# WHAT TO WORK ON
In the entries below, begin at the line that has "- Kebab o Shawarma" and stop after the line that has "Na transreflexním displeji"; output those lines exactly, leaving out pictures.

=== DATA EXCERPTS ===

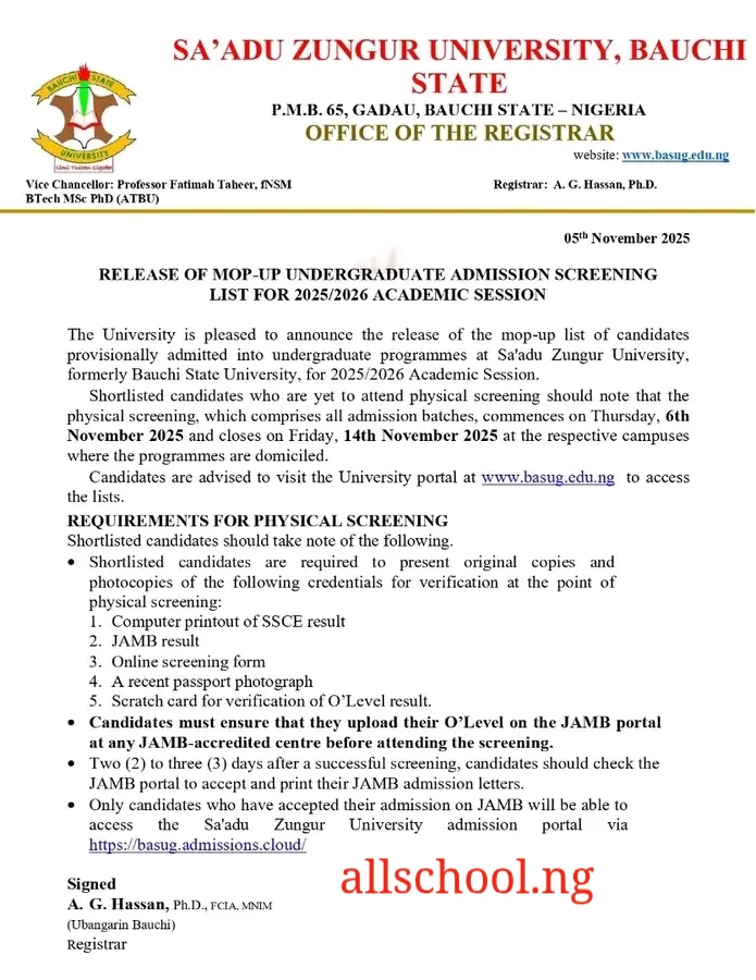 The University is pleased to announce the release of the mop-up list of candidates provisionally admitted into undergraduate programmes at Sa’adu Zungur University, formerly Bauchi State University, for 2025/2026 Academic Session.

===
=== DATA EXCERPTS ===

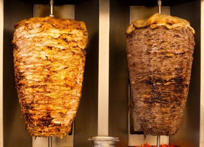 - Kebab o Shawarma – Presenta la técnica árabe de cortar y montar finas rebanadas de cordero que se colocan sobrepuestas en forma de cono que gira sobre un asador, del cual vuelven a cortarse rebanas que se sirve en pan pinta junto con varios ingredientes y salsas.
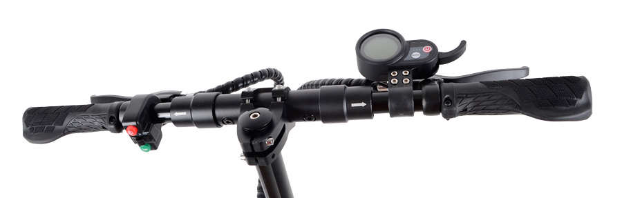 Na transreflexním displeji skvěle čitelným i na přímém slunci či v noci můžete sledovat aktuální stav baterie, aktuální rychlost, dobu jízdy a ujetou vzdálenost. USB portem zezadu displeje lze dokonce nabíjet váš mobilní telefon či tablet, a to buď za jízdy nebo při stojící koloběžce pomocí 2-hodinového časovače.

===

# RESULT FOR THIS EXERCISE
 - Kebab o Shawarma – Presenta la técnica árabe de cortar y montar finas rebanadas de cordero que se colocan sobrepuestas en forma de cono que gira sobre un asador, del cual vuelven a cortarse rebanas que se sirve en pan pinta junto con varios ingredientes y salsas.
 Na transreflexním displeji skvěle čitelným i na přímém slunci či v noci můžete sledovat aktuální stav baterie, aktuální rychlost, dobu jízdy a ujetou vzdálenost. USB portem zezadu displeje lze dokonce nabíjet váš mobilní telefon či tablet, a to buď za jízdy nebo při stojící koloběžce pomocí 2-hodinového časovače.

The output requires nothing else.